Monday Motivation: Why Do We Fall

Nothing new in terms of speech or movies. But this was very well done.

Tuesday, May 14, 2013

Notes on Anterior Core Training

I recently watched Eric Cressey's presentation on the Anterior Core.  I found it very good.  One of those, wow, Internet is amazing kind of moments.  Fork over 15 bucks and get to sit and learn for 45 min from a respected leader in the field.

He opens with one comment I've come to truly appreciate.  If I can learn one thing to take back to my clinic for my patients and athletes and start implementing, it was worth it.  Give me one thing to take away that can have real value in my world.  Not conceptual.  Applicable.  I learned a few.

First, I found a nice tie in with the Postural Restoration information I had went through a few weeks ago.  Eric is very familiar with it, having taken their seminars and was actually one of the ways I first heard about PRI.  So I found a lot of practical information on how to implement the PRI principles much easier.

Get good proximally before distally.  If the core/spine aren't right, the extremities won't be either.  Get to neutral and stay neutral.  Use warm ups to work on getting flexed people into extension and those locked into extension into flexion, thus getting both to neutral.  The workout then becomes what cements the neutral spine.

Many of the modern injuries we see can all be related back to the anterior core.  Sports hernias, femoral impingement and hip labral tears can all be related back to having anterior rotated pelvis.  Excessive tension through muscles like adductor longus and rectus abdominis.  Thoracic outlet can also have roots from a dysfunctional anterior core.

A great test is have the patient supine.  Flex the hip and internally rotate the hip.  This may cause a pinching pain in many people.  Now, have them brace the abs and slightly posterior tilt the pelvis.  Retest flexion and internal rotation.  Often the pain will be gone.  It's not a hip problem, it's an anterior core problem.

He talks about another simple test to decide if your patient/athlete should even be doing overhead work.    Can you raise your arms overhead without letting the ribcage tip up in the front?  Important for all the Crossfit athletes that live overhead.

Everyone is unique.  There are many great exercises, but you may have to coach and cue one person much different then another.  Again, one may be locked in flexion, one may be locked in extension. Don't coach the exercise the same.

Anytime you lift something overhead, you are working the anterior core.  Gain length in the Lats and strength in the obliques and rectus abdominis and you will gain a much more functional anterior core.

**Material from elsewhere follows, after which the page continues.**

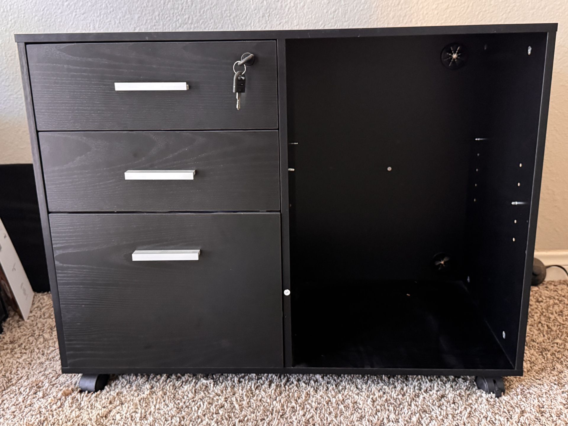 3-Drawer Wood File Cabinet with Lock, Mobile Lateral Filing Cabinet, Printer Stand with Open Storage Shelves for Home Office, Black

Eric goes on to discuss exercise progressions for many different lifts and exercises.  These progressions, how to implement them and why you would, make up the heart of the presentation.  I would highly encourage anyone that works with athletes to give it a watch.  I'm sure you will walk away with one applicable nugget of information you can start to use right away.

Thursday, May 9, 2013

Review of Postural Restoration Institute Respiration Course

A few weekends ago I had the opportunity to take a Postural Restoration Institute (PRI) respiration course.  It was myself and about 7 physical therapists at the University of Michigan Pain clinic.  James Anderson was the PRI teacher.  He knew his stuff inside and out and was a great teacher, engaging and open to questions.  I had several, more on that later.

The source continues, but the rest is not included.